Discussion and Conclusion

Our results concord with the previous studies that the use ADC value for differentiation high risk versus low risk PCa and showed that computed high b-value cDWI₁₆₀₀ is a promising technique in detection of high risk PCa based on the high sensitivity (89.3%). This suggests that ADC and CR cDWI1600 have complementary value in separating PCa into different risk. However, by using CR cDWI1600 independently, we could not demonstrate a diagnostic benefit compared to standard ADC as there is considerable overlap among the low and high risk PCa groups.
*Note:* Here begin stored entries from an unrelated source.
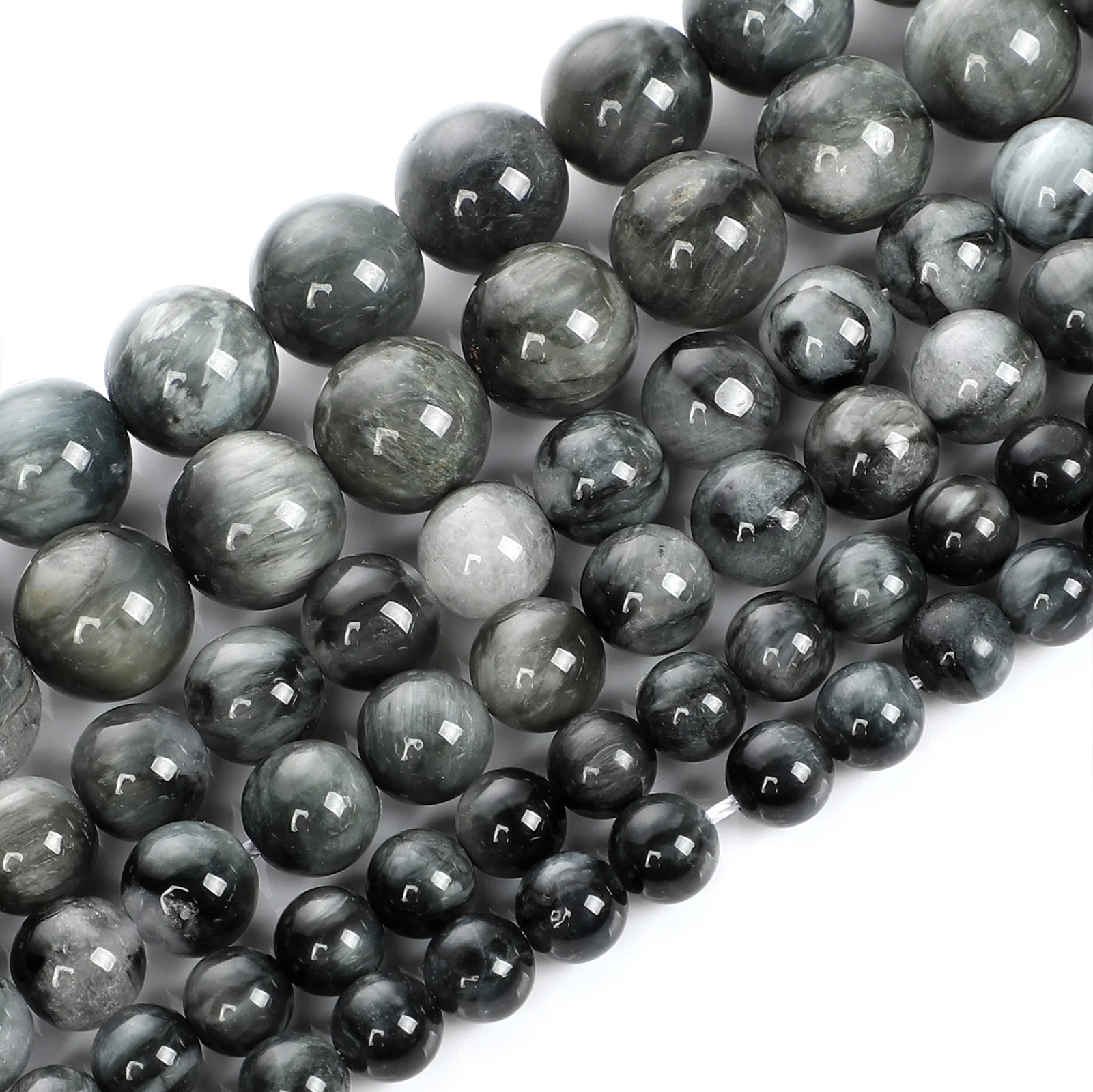 Круглые бусины из натурального камня, Серые Бриллианты в полоску дл...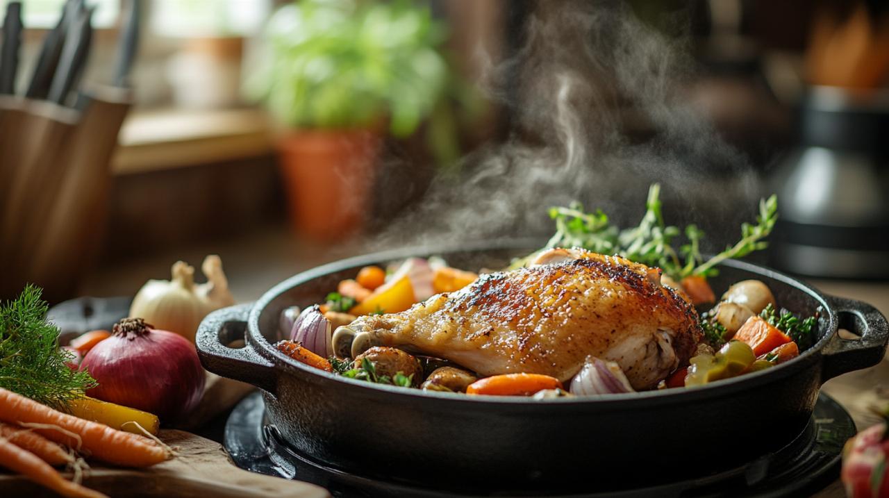 La cocotte en fonte émaillée représente l'ustensile idéal pour cette recette, car elle assure une répartition homogène de la chaleur et permet une cuisson douce et régulière. Optez pour un modèle d'une capacité de cinq à six litres si vous préparez quatre à six cuisses, afin que les morceaux de poulet ne se chevauchent pas et dorent uniformément. La fonte retient parfaitement la chaleur et favorise ce mijotage lent qui attendrit la viande tout en développant les arômes. Son couvercle hermétique préserve l'humidité et concentre les saveurs dans le récipient. Si vous souhaitez accélérer le processus, une cocotte-minute constitue une alternative intéressante qui réduit considérablement le temps de cuisson tout en préservant la tendreté de la viande. Dans ce cas, dix-huit minutes après le début du sifflement suffiront pour obtenir un résultat comparable à une cuisson traditionnelle de quarante-cinq minutes à une heure quinze. Assurez-vous que votre cocotte possède un fond épais qui empêche les aliments d'attacher et garantit une cuisson maîtrisée. Un modèle avec des poignées latérales facilitera également les manipulations, notamment lors du transfert du feu à la table.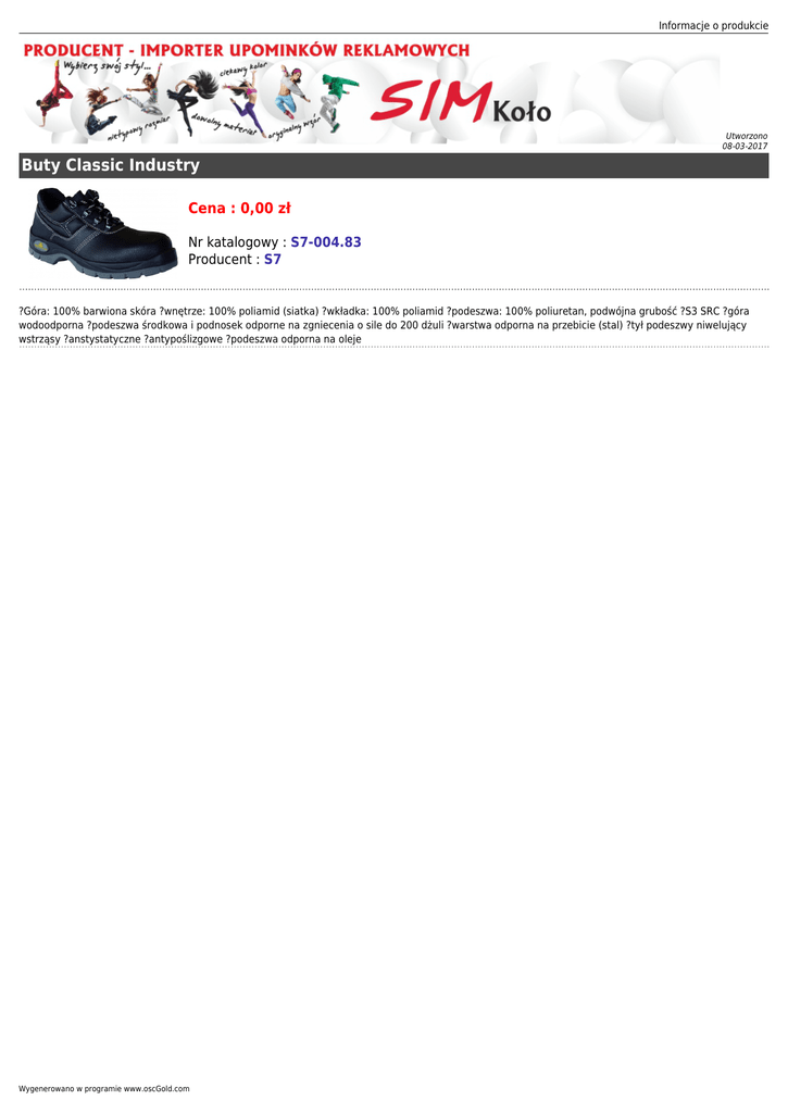 Informacje o produkcie Utworzono 08-03-2017 Buty Classic Industry Cena : 0,00 zł Nr katalogowy : S7-004.83 Producent : S7 ?Góra: 100% barwiona skóra ?wnętrze: 100% poliamid (siatka) ?wkładka: 100% poliamid ?podeszwa: 100% poliuretan, podwójna grubość ?S3 SRC ?góra wodoodporna ?podeszwa środkowa i podnosek odporne na zgniecenia o sile do 200 dżuli ?warstwa odporna na przebicie (stal) ?tył podeszwy niwelujący wstrząsy ?anstystatyczne ?antypoślizgowe ?podeszwa odporna na oleje Wygenerowano w programie www.oscGold.com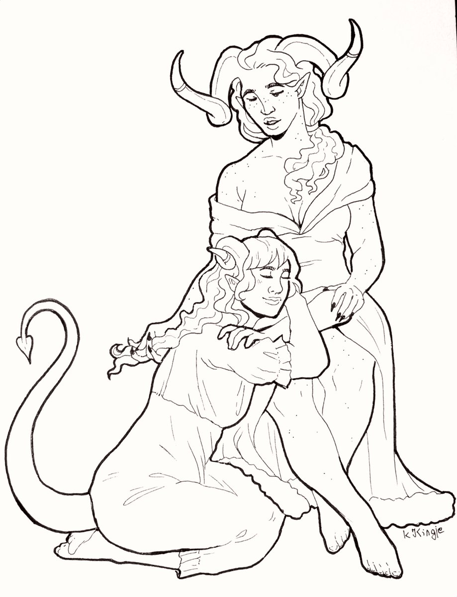 DAY 11 of #Inktober Jester with her mom Marion Lavorre ❤ #criticalrolefanart @matthewmercer @LauraBaileyVO Amazing reference picture by @AdorkaStock #drawtober #inktober2021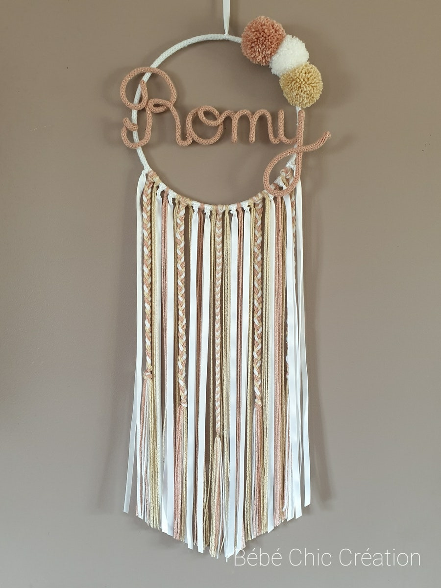 Attrape rêves prénom personnalisable Vieux rose pailleté

In conclusion, computed DWI is a potential tool in prostate cancer detection and prostate cancer aggressiveness when combined with standard ADC evaluation.

Acknowledgements

No acknowledgement found.

References

1. K. Katahira, T. Takahara, T. C. Kwee et al., “Ultra-high-b-value diffusion-weighted MR imaging for the detection of prostate cancer: evaluation in 201 cases with histopathological correlation,. European Radiology, vol. 21, no. 1, pp. 188–196, 2011.

2. Y. Ueno, K. Kitajima, K. Sugimura et al., “Ultra-high b-value diffusion-weighted MRI for the detection of prostate cancer with 3-T MRI,” Journal of Magnetic Resonance Imaging, vol. 38, no. 1, pp. 154–160, 2013

3. M. C. Maas, J. J. F?utterer, and T. W. Scheenen, “Quantitative evaluation of computed high b value diffusion-weighted magnetic resonance imaging of the prostate,” Investigative Radiology, vol. 48, no. 11, pp. 779–786, 2013.

4. Metin et al, “Conspicuity of Peripheral Zone Prostate Cancer on Computed Diffusion-Weighted Imaging: Comparison of cDWI1500, cDWI2000, and cDWI3000,” BioMed Research International, Volume 2014, Article ID 768291, 6 pages.